On September 22, 2006, at 0958 central daylight time, a Beech 95-B55, N4JV, collided with the terrain in North Sioux City, South Dakota. The airplane was in cruise flight at 9,000 feet above mean sea level (msl) prior to radar and radio contact being lost. The pilot was fatally injured. The airplane was substantially damaged. The 14 Code of Federal Regulation Part 91 business flight was operating in instrument meteorological conditions. The pilot had filed and activated an instrument flight rules (IFR) flight plan. The flight originated from the North Platte Regional Airport (LBF) North Platte, Nebraska, at 0853 with an intended destination of La Crosse, Wisconsin.

Personnel at the fixed base operator (FBO) at LBF stated the airplane arrived at their airport on September 19, 2006. The pilot instructed line personnel to fill up the main fuel tanks. The FBO reported they filled the main fuel tanks with 74.7 gallons of fuel. The airplane was then tied down until it departed on the accident flight.

At 0944, the pilot of N4JV contacted Sioux City approach control stating that he was at 9,000 feet. At 0954, the approach controller informed N4JV that the Crypt military operations area (MOA) to his east was active. The controller stated that he could either go 5 miles to the north or he could descend to 7,000 feet to avoid the MOA. The pilot did not respond to this radio call. At 0955, the controller again called N4JV at which time the pilot responded with his call sign. The controller repeated his earlier call about the MOA. The pilot did not respond to numerous attempts by the controller to contact him.

According to the Sioux City Approach Radar the first radar contact they had with the airplane was at 0940:38 when it was at a reported altitude of 8,800 feet. The airplane then climbed to an altitude of 9,000 feet where it remained until 0955:56 when it began a descending left turn. At 0956:26, the altitude data went into coast mode and the ground speed was reported as being 204 knots. Four seconds later, radar data shows the airplane turning to the right with a ground speed of 50 knots at an altitude of 7,400 feet. At 0956:34, the airplane enters another left turn and is still descending. At 0956:48, the altitude was recorded as being 5,200 feet with a ground speed of 29 knots. The altitude data then once again entered the coast mode.

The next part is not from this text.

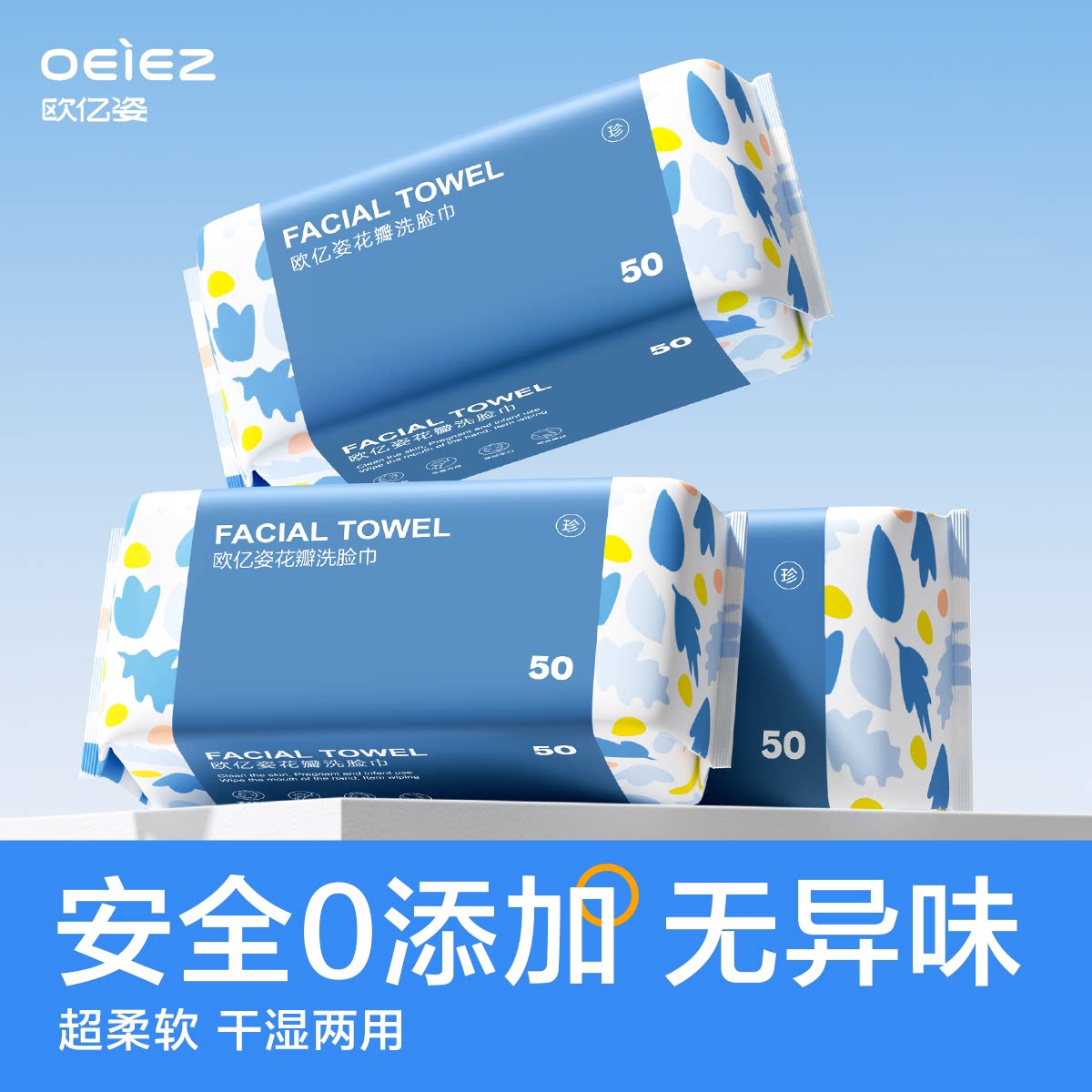欧亿姿洗脸巾一次性擦脸洗面洁面卸妆巾50抽便携旅行装

A witness reported seeing the airplane spinning slowly as it descended in a nose down attitude. Other witnesses reported seeing the airplane spinning as it descended out of the clouds with variations in the engine sounds.


The pilot, age 55, held an airline transport pilot certificate with a multi-engine rating and commercial pilot privileges for single-engine land airplanes. This certificate was issued on November 30, 1979. The pilot also held a flight instructor certificate with multi-engine, single-engine, and instrument ratings, which was renewed on July 29, 2006. The pilot was issued a second-class medical certificate on June 5, 2006. This certificate contained the limitation that the pilot must have glasses available for near vision.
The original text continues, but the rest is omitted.